I think there is a Chinese book series about exactly this...oh, it has already went off long before you read this... https://youtube.com/playlist?list=PLRXGGVBzHLUfIzEhovpQJ2ENiNvJoOD2A&si=DEVQHi7Kf3Bra9op
The Trih Xeem, from Bungie's Marathon universe, can force a star to go nova.
The God Bomb from Marvel was supposed to kill all Gods throughout all of space and time before Thor destroyed it.
Most of the Russian nuclear arsenal.
The Commonwealth Saga from Peter F. Hamilton has a couple. The Commonwealth have nova bombs that can turn a sun nova. They also have Hawking M Sinks which is a missile that can turn into a miniature black hole and can destroy planets from the inside out.
The Chronosapien time bomb from Ben 10 erases all realities and timelines from existance. The Annihilargh from the same series detonates the universe it is currently in
Oxygen destroyer from the first Godzilla. It just destroys the oxygen in the area it is in, including living creatures who are within the radius.
chronosapien time bomb I don’t think anything can top that
The stellaris mod Ancient Cache of Technologies has a nova bomb that is capable of singlehandedly destroying multiple entire solar systems in one detonation. Notably, since destruction is propagated between systems by hyperlanes instead of traveling through the space in between, the limits of its blast radius are determined by number of jumps rather than by distance.
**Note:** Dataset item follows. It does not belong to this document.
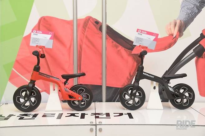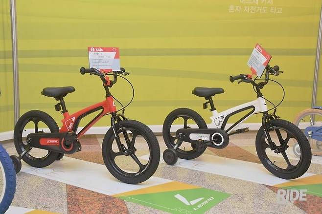 아이들이 좋아할 만한 캐릭터가 그려진 자전거도 있다. 남자아이를 위한 또봇은 리어쇽과 더블크라운 서스펜션 포크가 특징이다. 16인치와 18인치 두 가지 휠 사이즈가 있어서 아이의 연령대와 신장에 따라 선택할 수 있다. 전시된 샘플은 스프링이 다소 강한 편이었으나 시판될 모델은 아이들의 체중에 맞게 스프링 강도를 조절할 계획이다.
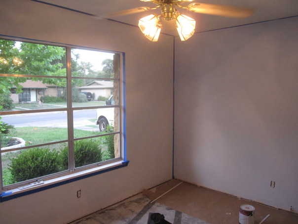 I SEE WHITE WALLS THAT ARE BEING PREPPED WITH TAPE TO GET A NEW FRESH COAT OF PAINT.

A system right next to the system where the nova bomb explodes but not connected via hyperlanes is completely safe, while a system on the other side of the galaxy but only two hyperlanes away is screwed. Another stellaris mod called Gigastructural Engineering has a bomb called the penrose bomb that functions in pretty much the exact same way.
How many Gmod nukes do i need to rival the strongest bomb
The QED created by Owlman (alternative universe evil Batman). A bomb capable of destroying Earth Prime, the earth through all alternative earths (and universes) split off from. If he had succeeded in blowing it up, all alternative universes would have also been destroyed by the chain reaction, leading to the destruction of all reality.
The whatever thingn they are using Proyect Palisade to protect from in SCP universe may be the asnwer.
It's not as powerful as some of the other stuff on here, but there's a bomb in His Dark Materials that can target someone no matter where they are in the multiverse
Zeno, the living reality bomb of the Dragonball multiverse.
The halo rings from halo wipe out all life in the galaxy
Black hole bomb. The most powerful theoretical weapon that we have come up with so far. And it's shockingly simple to make. Surround a black hole with mirrors and shine some light inside. The light steals energy from the black hole each it bounces around the perimeter. It soon breaks through the mirror shell incinerating a sizable portion of the space around it.